My cofounder quit the day we got our email to interview and wouldn't budge no matter how much I tried to reason, cajole, or beg him to change his mind. At the time I played a weekly poker game hosted by a bunch of YC founders and I still remember walking in with two bottles of champagne in my hand that I bought before I got the breakup text and announcing "guys, I've good news and bad news and reason to drink either way".

I don't blame him at all. We had built up a ton of great chemistry working together for 6+ months but it was on a startup that flamed out with a firesale acquisition and he wanted more stability, especially with his wife grueling away at a residency to pay for their mortgage.

I still think it was a mistake though and not just on his part. He was my Woz and I would've gone to greater lengths to get him to stay if I truly had the Jobs zeal.


I bet you'll never forget the memory and ironic imagery of walking in with celebratory champagne for a startup that lost one of its founders to a room full of founders.

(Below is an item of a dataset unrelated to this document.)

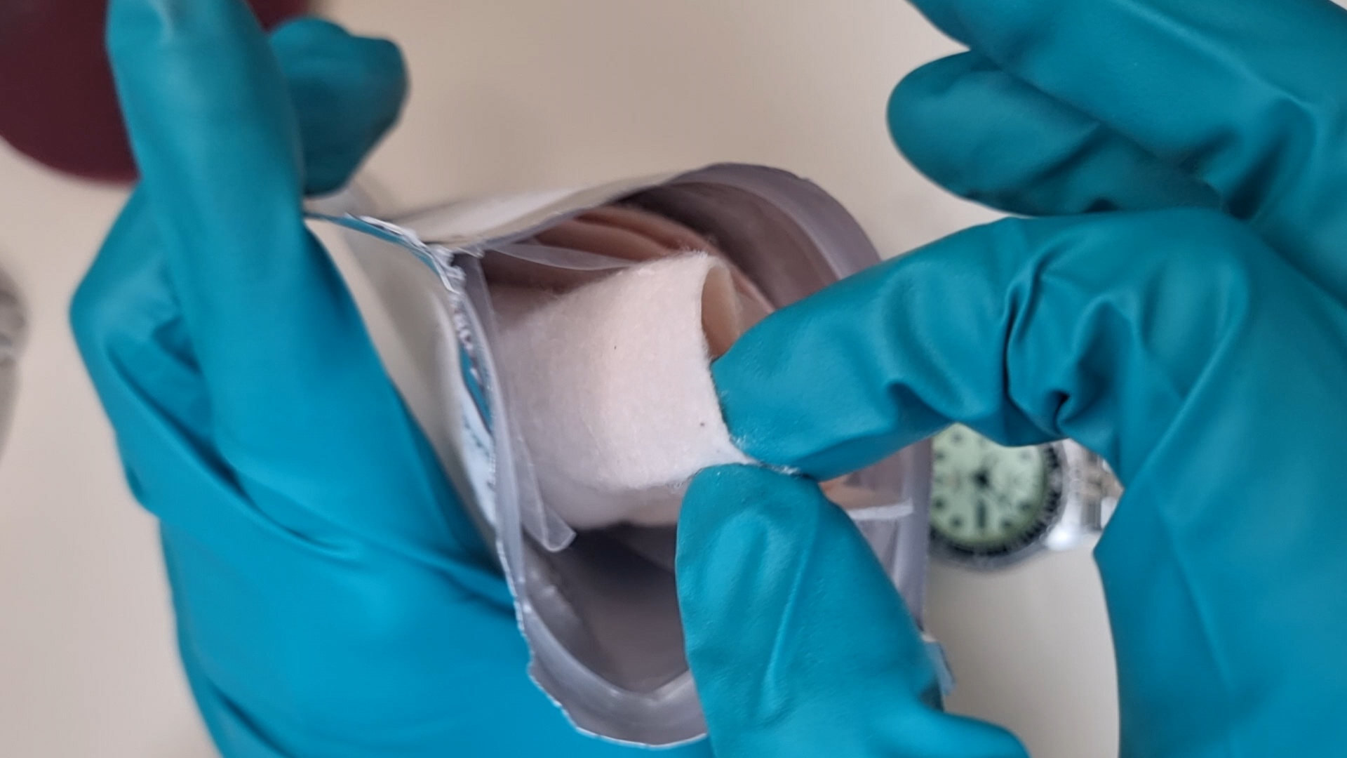 아까 플러싱은 금속 분진이 많이 날려서 장갑을 착용해야 했지만, 이 폴리싱은 화학 약품이 너무 많이 묻어 나와 장갑을 착용해야 한다.

Also, would love an opportunity for a seat at one of those poker games.


Yeah, I miss that game. It ran for a couple of years before everyone moved on but a couple of us are thinking of putting it back together. Ping me at my HN username at gmail and I'll let you know.


This is one of the most inspirational posts I've read by any Entrepreneur and it's the character that you show by being able to follow through with the interview and then to write this post that tells me they made the right decision in picking you.

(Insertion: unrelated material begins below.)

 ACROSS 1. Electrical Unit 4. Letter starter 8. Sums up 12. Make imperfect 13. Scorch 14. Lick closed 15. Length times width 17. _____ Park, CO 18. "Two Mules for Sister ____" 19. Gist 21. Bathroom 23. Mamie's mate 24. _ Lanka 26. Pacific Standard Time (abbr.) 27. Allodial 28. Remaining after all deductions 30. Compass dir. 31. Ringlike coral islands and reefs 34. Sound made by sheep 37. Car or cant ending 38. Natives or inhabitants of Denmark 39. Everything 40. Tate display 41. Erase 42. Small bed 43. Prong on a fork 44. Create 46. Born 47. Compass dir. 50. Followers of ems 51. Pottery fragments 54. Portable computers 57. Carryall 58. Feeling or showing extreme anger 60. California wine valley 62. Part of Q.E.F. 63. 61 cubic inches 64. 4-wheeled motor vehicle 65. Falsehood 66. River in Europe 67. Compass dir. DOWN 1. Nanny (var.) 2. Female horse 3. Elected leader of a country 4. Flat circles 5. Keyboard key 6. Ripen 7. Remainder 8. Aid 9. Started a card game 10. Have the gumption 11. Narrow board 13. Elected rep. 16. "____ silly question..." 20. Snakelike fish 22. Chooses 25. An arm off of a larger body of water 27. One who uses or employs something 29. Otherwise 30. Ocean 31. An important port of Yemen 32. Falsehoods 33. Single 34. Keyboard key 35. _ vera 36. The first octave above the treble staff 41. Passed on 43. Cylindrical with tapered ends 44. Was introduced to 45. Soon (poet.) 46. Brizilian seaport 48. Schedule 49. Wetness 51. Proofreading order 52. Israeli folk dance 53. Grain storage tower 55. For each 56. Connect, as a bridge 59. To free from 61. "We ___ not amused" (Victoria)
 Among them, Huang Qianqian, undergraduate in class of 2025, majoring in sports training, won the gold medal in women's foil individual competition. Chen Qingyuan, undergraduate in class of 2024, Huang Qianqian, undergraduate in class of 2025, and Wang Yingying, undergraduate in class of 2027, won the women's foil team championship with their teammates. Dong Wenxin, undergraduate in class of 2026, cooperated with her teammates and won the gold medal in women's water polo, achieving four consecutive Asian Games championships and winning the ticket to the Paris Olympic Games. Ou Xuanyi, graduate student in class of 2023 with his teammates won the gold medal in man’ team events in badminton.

I happen to know of Sift Science and I feel its one of the stronger products in the valley today, but that said, even if I did not know your company at all I'd be rooting for you even more after reading this.

The good ones know exactly what to say ... The great ones say exactly what should be said, mostly without even knowing it.

Thanks for this post Brandon


Is this what HN has become? Almost the whole lot of comments concentrated on the lack of backup, and how he should have used dropbox or a USB Stick etc.

Come on folks, one or two comments are probably enough. Lets move on.


Nice story but seriously ?:

> Six days before the interview, my laptop crashed and we lost our entire demo.

No backups, svn/git/vcs, Dropbox, a USB drive?

Losing a partner is a difficult thing in business. Losing your code is just silly.


Yeah, not having a backup was totally stupid. Although, to be honest, it probably wouldn't even make my top 10 list of mistakes nowadays. Starting a startup tends to increase the number and magnitude of both your successes and failures.


That's what stood out to me also. This wasn't bad luck, it was stupidity.


Kudos on not giving up. I've had our co-founder/CTO quit on us t the day we were expecting term sheets. Pretty bad timing and I was freaking out a little bit.

Investors have seen it all. While I expected this setback to screw up our funding, it didn't make a difference in the end.

When this kind of shit happens, just carry on.


The thing is, if he was shaky, the earlier he disappears, the better. And if you can show you can go on even when losing key people, that's a good sign, because chances are high you will lose key people.


I fully agree. I actually realized only after that we're very happy he's gone. He wasn't a great fit at all. Even though he was an outstanding developer, we're much stronger without him.


Hmmm I was rejected this past April and then sent a reply back saying something like your loss.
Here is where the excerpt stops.